TLDR: The paper introduces a novel process discovery method that uses machine learning to identify rules distinguishing desirable from undesirable process behaviors. By grouping process executions based on these discriminative rules, the approach creates separate, interpretable process models. These models reveal the specific patterns leading to good or bad outcomes, offering deeper, outcome-aware insights into business processes than traditional single-model approaches.
Understanding and improving business processes is crucial for any organization. Event logs, which record every step and action within an information system, offer a rich source of data for this purpose. Traditionally, process discovery aims to create a single model that represents all observed behaviors. However, in the real world, not all process executions are equal; some are desirable (efficient, compliant), while others are undesirable (inefficient, involve rule violations, delays, or resource waste).
The challenge with a single, overarching process model is that it often fails to capture the critical differences between these good and bad outcomes. It might obscure why certain paths lead to success and others to failure, making it difficult to identify areas for improvement or to ensure compliance.
A New Approach to Process Discovery
A recent research paper, “Discriminative Rule Learning for Outcome-Guided Process Model Discovery,” by Ali Norouzifar and Wil van der Aalst, introduces a novel method to address this limitation. Their approach focuses on learning interpretable rules that can distinguish between desirable and undesirable process executions. By doing so, they can group traces (individual process instances) with similar outcome profiles and then apply process discovery separately within each group.
How It Works
The methodology involves several key steps:
1. Feature Encoding: First, process traces are encoded using declarative constraints. These are simple rules that capture relationships between activities, such as whether one activity always follows another, or if two activities must always occur together. This creates a structured feature space for each trace.
2. Ensemble Tree-Based Feature Extraction: To uncover more complex interactions, the method uses ensemble machine learning models, like random forests. These models help extract a richer set of decision rules from the initial features.
3. Regression Model for Importance: A sparse logistic regression model is then trained on this enhanced feature space. This model assigns importance scores to the extracted rules, identifying those that are most effective in distinguishing between desirable and undesirable outcomes.
4. Hierarchical Clustering and Rule Selection: Rules that are similar in how they represent traces are grouped using hierarchical clustering. From each cluster, the most representative rule (the one with the highest importance) is selected.

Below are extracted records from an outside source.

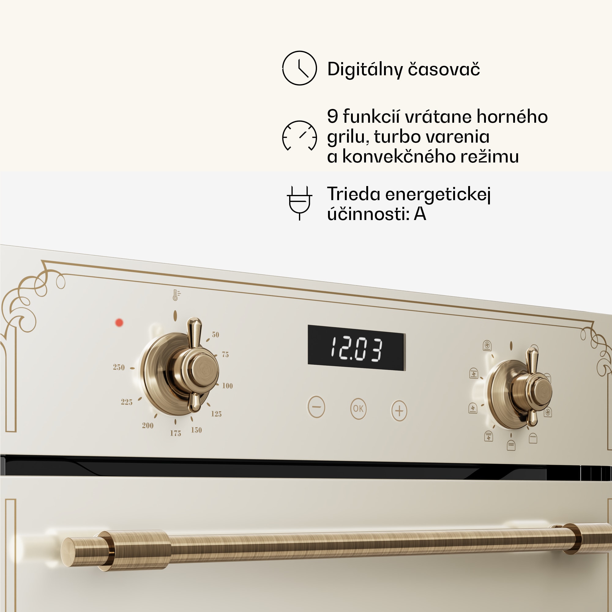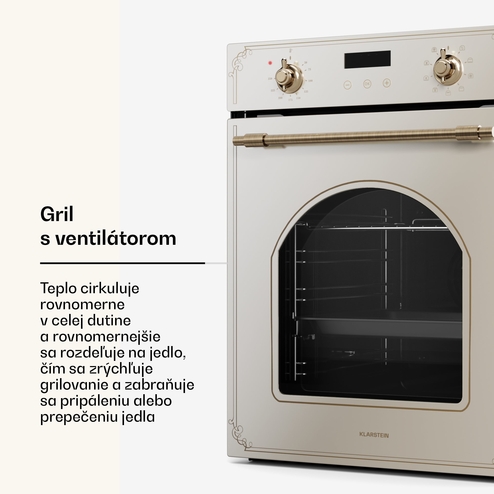 Klarstein Victoria indukčná varná doska a vstavaná rúra spájajú dizajn inšpirovaný retro štýlmi s výkonným výkonom a modernou technológiou. So svojimi zlatými, viktoriánsky inšpirovanými detailmi prinášajú do vašej kuchyne istý vintage nádych. Ako súčasť dizajnovej série Victoria tieto varná doska a rúra stelesňujú nadčasové kúzlo a sú tak prirodzeným srdcom každej kuchyne. Klarstein Victoria indukčná varná doska ponúka užívateľsky prívetivú Slider Touch Control, ktorá umožňuje presné ovládanie varných zón. Každá z 3 varných zón je vybavená výkonným Boosterom, ktorý výrazne skracuje čas varenia. Indikátor zvyškového tepla upozorňuje na horúci povrch a zabezpečuje dodatočnú bezpečnosť po varení, pričom časovač umožňuje individuálne nastavenie doby varenia pre každé jedlo. Bez kompromisov vo výkone a vybavení disponuje štíhla rúra 49-litrovou smaltovanou vnútornou časťou s chrómovanými roštami a vodičmi, ktoré zaručujú dlhodobú efektivitu. Čistenie je mimoriadne jednoduché vďaka vyberateľným skleneným dverám a funkcii parného čistenia. Digitálny časovač a 10 funkcií, vrátane horného grilu, cirkulačného pečenia a grilovania s cirkuláciou vzduchu, zabezpečujú presnosť pri príprave vašich jedál. Chcete zariadiť celú kuchyňu jednotne s viktoriánsky inšpirovanou eleganciou? Objavte teraz všetky naše Victoria spotrebiče a vytvorte nadčasovo harmonický kuchynský zážitok!
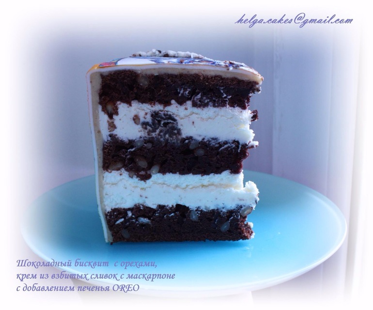 На оформление торта у меня был ровно 1 час, пока дети возвращались с квестов. Внутри шоколадный бисквит с кедровыми орешками, крем сливки с маскарпоне и печеньем Орео.
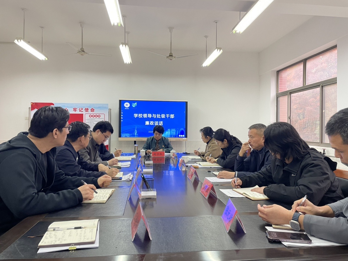 学院全体处级干部参加廉政谈话,学校党委宣传部相关负责同志和纪委有关人员、学院科级干部列席廉政谈话。
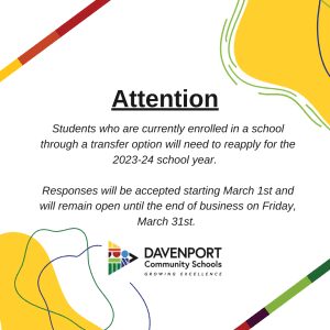 Tuesday, January 25, 2022, A Federal court decision ruled that a statewide injunction against the Iowa Mask Ban was a broader action than necessary. The case will now go back to the District Court for further review. As a result of today’s ruling, the Davenport Community School District will remove all universal mandatory masking requirements […]
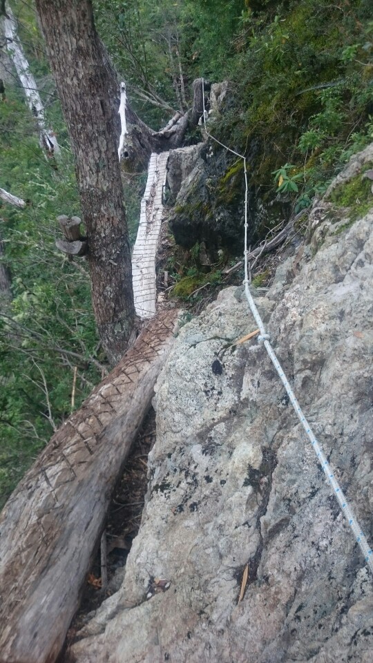 I hike on, thinking about my options. There are two signs that Los Laguitos is closed and that it’s not allowed to continue, but most importantly the owners doesn’t want me to go there (at least I think so). So when I reach the junction much earlier than I thought, I decide to push on and do a long day hiking out of here. The distances are much shorter and tomorrow is no bus, if I hurry up I can get the 7pm bus today. But first, a real steep climb on a new looking trail that was just carved out of the steep hill, sometimes with a rope. It’s exhausting to climb up and I am soaking wet soon.

5. Event Log Projection and Process Model Discovery: Finally, the original event log is filtered to include only those traces that satisfy a chosen representative rule. A dedicated process model is then discovered for this filtered log. This results in focused and interpretable models that highlight the specific patterns driving either desirable or undesirable behaviors.
Benefits and Evaluation
This outcome-aware approach yields models that are much better suited for conformance checking and performance analysis. Instead of a generalized view, organizations gain focused insights into the drivers of both successful and problematic executions. For instance, one model might clearly show the efficient path for on-time deliveries, while another reveals the common patterns leading to delays or resource waste.

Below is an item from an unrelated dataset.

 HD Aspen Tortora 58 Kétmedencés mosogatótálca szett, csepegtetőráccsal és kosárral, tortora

The researchers implemented their approach as a publicly available tool and evaluated it using multiple real-life event logs, including BPIC12, BPIC17, and Hospital Billing data. The evaluation demonstrated the framework’s effectiveness in isolating and visualizing critical process patterns, offering a more nuanced understanding of process behavior than traditional methods. For more technical details, you can read the full paper here.
Also Read:
- Decoding the Future: How AI Learns Events from Purely Numerical Time-Series
- Diagnosing AI’s Reasoning Abilities with TempoBench
Conclusion
By leveraging supervised learning to identify key differences between desirable and undesirable event logs, this method provides a powerful new perspective for process mining. It supports interpretable and outcome-aware process discovery, helping businesses not just see what happens, but understand why it happens, paving the way for more targeted improvements.